Its been so long since I posted. I think I officially...have become over worked over drawn and delirious..My life has changed a lot in the past few months Abel's House has new locations...we are growing like crazy!! its so awesome. More people, more to help, and more to serve. I have grown a lot in my heart...with my kids...and Gabe. The last few months were crazy rocky, financially, emotionally...and everything combined. Enough to make me scream. As Im in the venture we called life...this blog helps me to relax. It helps me to get out what's on my mind....like a healing...

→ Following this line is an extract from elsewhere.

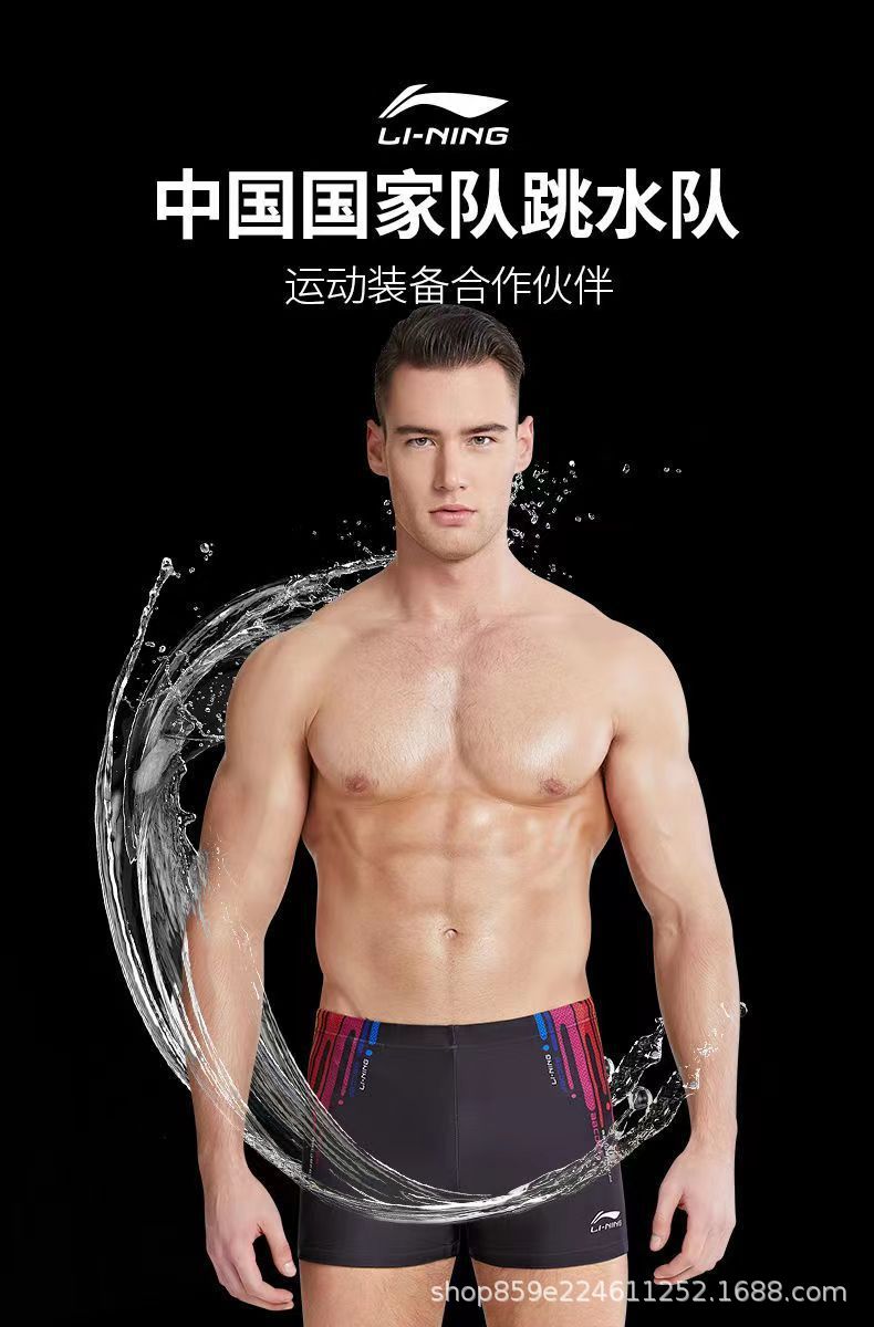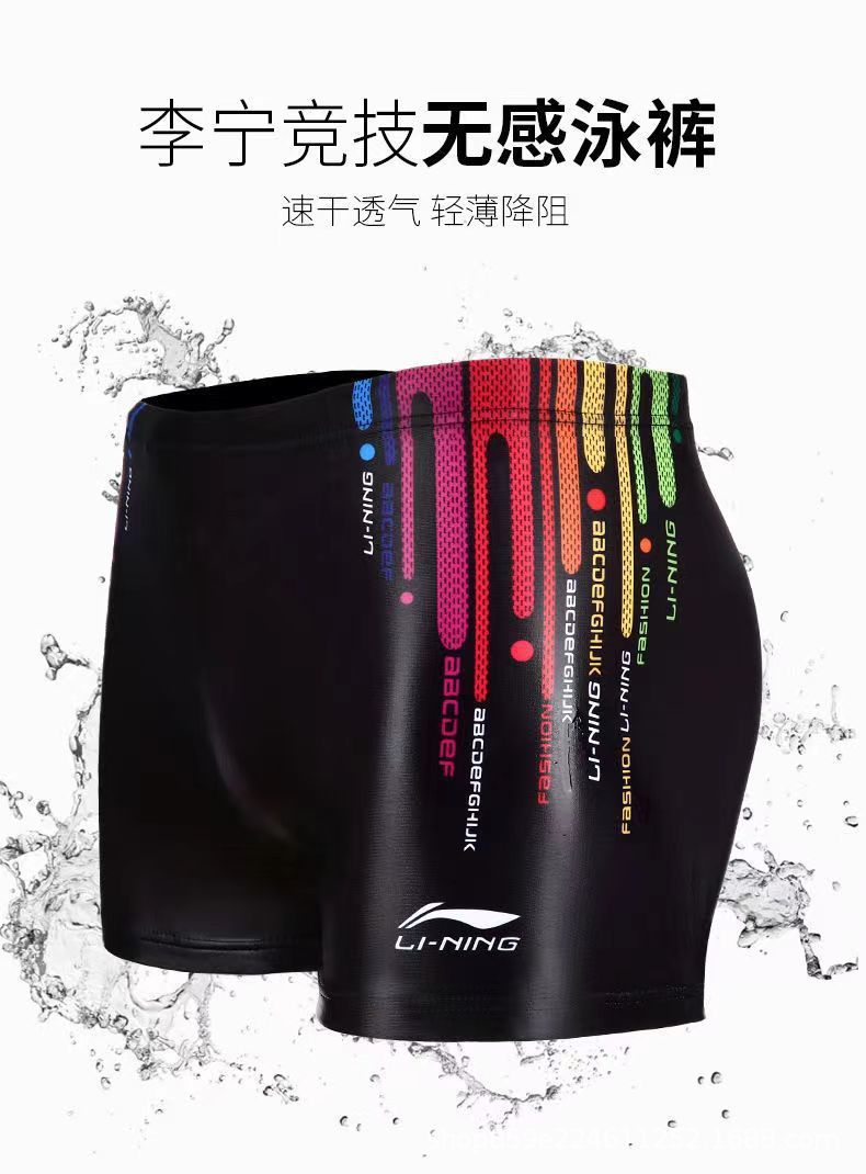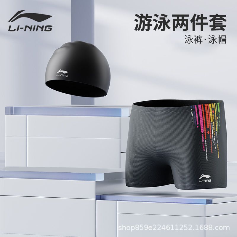 Li Ning 수영 바지 남자 전문 남자 수영 트렁크 수영 모자 수영 고글 3 피스 세트 안티 당혹감 전체 장비 세트스토어 가기

on my mind. So by reading this and what I wrote since the beginning...you pretty much know what Im thinking and learning from so I hope you understand what this life is about. I know Im not the only person in the world..My problems are tiny to the world..im just a little grain of sand..that while be blown away in the sand.with time. So when I heard BRAIN TUMOR and eye sight...that's was enough, I had enough. I have two new brain tumors and one is risking my eye sight..YES FRIENDS>>>>> those words I thought I would never hear again...its like Freddy Krueger Im baaaaack..!!! ;-( Apparently I have some rare genetic disease causing brain tumors...So this is what I learned from this life. Live it like you never lived it. Savor the smells, the touches, the happiness you have. Every minute is not promised...and whatever you have...can go away fast...false sense of reality even.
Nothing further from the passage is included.